Derita Wartin Di Hari Nelayan Nasional

WARTIN

Derita Wartin Di Hari Nelayan Nasional

SELEPAS enam hari berjuang di tengah laut, bukan berarti Wartin, 50, lantas dapat langsung bersantai begitu tiba di darat. Dari atas sebuah kapal kayu tradisional yang bersandar di dermaga Kampung Nelayan Kali Adem, Muara Angke, Jakarta Utara, pria asal Cirebon, Jawa Barat, itu bersama dua rekannya langsung memeriksa dan memperbaiki jaring plastik krampus yang baru saja mereka gunakan menangkap ikan. Alat tangkap tersebut menjadi satu-satunya andalan Wartin untuk menangkap ikan di laut lepas. Terlihat ada beberapa bagian tali jaring dalam kondisi putus akibat tersangkut karang laut. Gunting dan potongan kayu runcing digunakannya untuk mengganti bagian tali jaring plastik yang putus.

“Oh 6 April itu Hari Nelayan Nasional, ya? Saya baru tahu ada Hari Nelayan Nasional. Perasaan biasa saja, enggak ada yang spesial di hari ini,” ujar Wartin yang tengah sibuk meneliti satu per satu bagian jaringnya, Kamis (6/4). Wartin sama sekali tak menghiraukan pertanyaan yang diajukan kepadanya seputar Hari Nelayan Nasional. Tangannya yang hitam kekar sibuk menyibak dan mengurai tumpukan jaring untuk mencari bagian yang rusak. “Hari nelayan itu enggak penting. Yang paling penting sekarang ialah jaring ini jangan sampai ada yang sobek. Kalau sobek, pergi ke tengah laut jadi enggak ada gunanya,” ujarnya.

Setiap melaut, bapak tiga anak itu menghabiskan waktu selama enam hari. Dalam beberapa waktu belakangan, rata-rata sekitar 3 kuintal ikan yang terdiri dari ikan kembung, sebelah, gete, dan kurisi dibawanya ke darat. Padahal setahun sebelumnya, paling tidak rata-rata 7 kuintal ikan bisa diperolehnya. Dari hasil penjualan ikan itu, ia mesti membaginya dengan enam rekannya serta pemilik kapal. Jika dihitung-hitung, setelah dipotong biaya kebutuhan di laut berikut solar, tidak banyak rupiah yang masuk ke kantongnya. Bila agak mujur, Wartin mendapat jatah Rp200 ribu-Rp300 ribu setelah melaut selama enam hari.

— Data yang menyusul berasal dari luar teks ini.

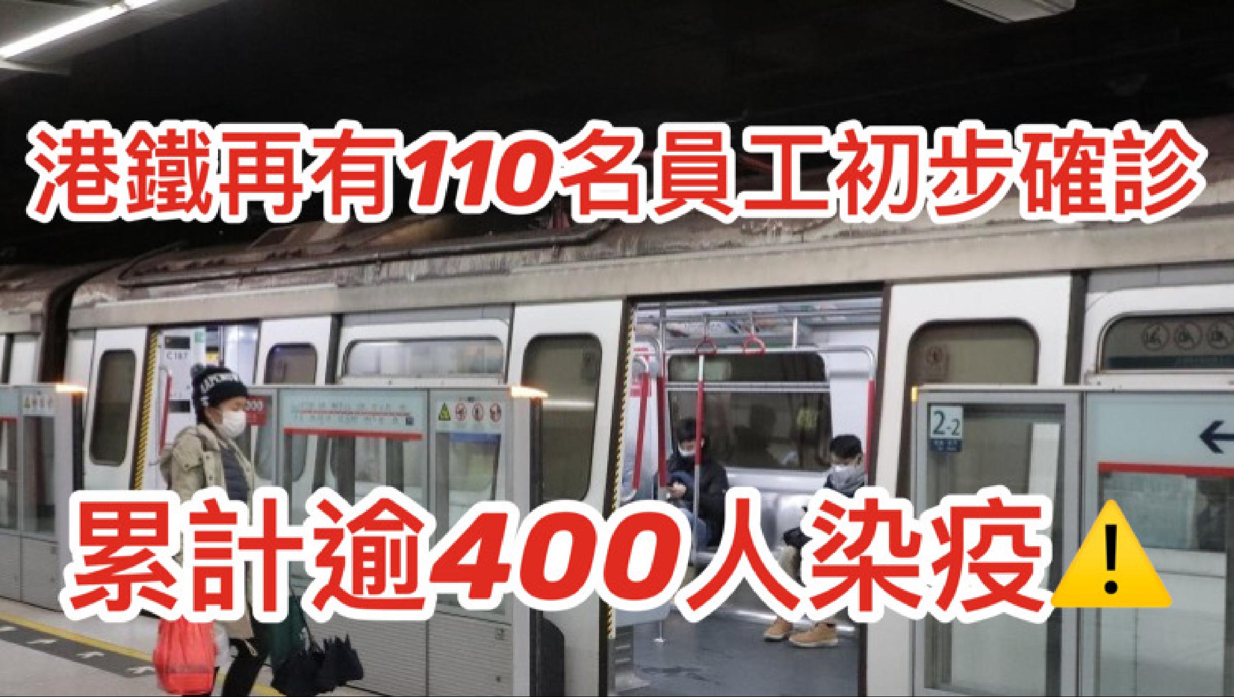 港鐵再有110名員工初步確診 累計逾400人染疫

“Setiap kali melaut, kita butuh Rp6 juta untuk beli perbekalan selama di laut. Itu sudah termasuk pembelian 200 liter solar. Namanya nelayan, kadang untung, kadang rugi. Kalau ikan lagi sepi, bisa enggak bisa tutup modal atau cuma pas-pasan balik modal,” keluhnya. Diding, 46, nelayan lainnya, turut menyampaikan keluhannya. Menurutnya, masalah yang paling dirasakan saat ini ialah makin tingginya biaya operasional, khususnya harga solar. Makin sulitnya tangkapan secara otomatis mendorong Diding harus mengejar lebih banyak ikan meski hingga ke titik lebih jauh. Imbasnya, bahan bakar yang dikeluarkan bertambah.

Lebih sering, ia menjaring ikan hingga Pulau Tampel dan Karang Bata, perairan Selat Sumatra, untuk mengisi kotak penyimpan kapalnya. “Jadi sekarang kita harus tambah modal solar sekitar 50 liter. Padahal dapat ikannya sama saja. Kadang malah lebih sedikit. Sebelumnya sekitar Pulau Untung Jawa aja sudah dapat ikan,” katanya. Lesunya hasil tangkapan di perairan Teluk Jakarta, lanjut Diding, juga kerap disebabkan kondisi perairan yang tidak stabil. Terkadang masih terjadi pencemaran air yang memicu rusaknya ekositem laut. “Kalau sudah kena limbah, bagaimana mau ada ikannya? Mau enggak mau pindah ke tempat yang lebih jauh. Sudah capek, hasilnya pun enggak seimbang,” tutupnya. (Deni Aryanto/J-1).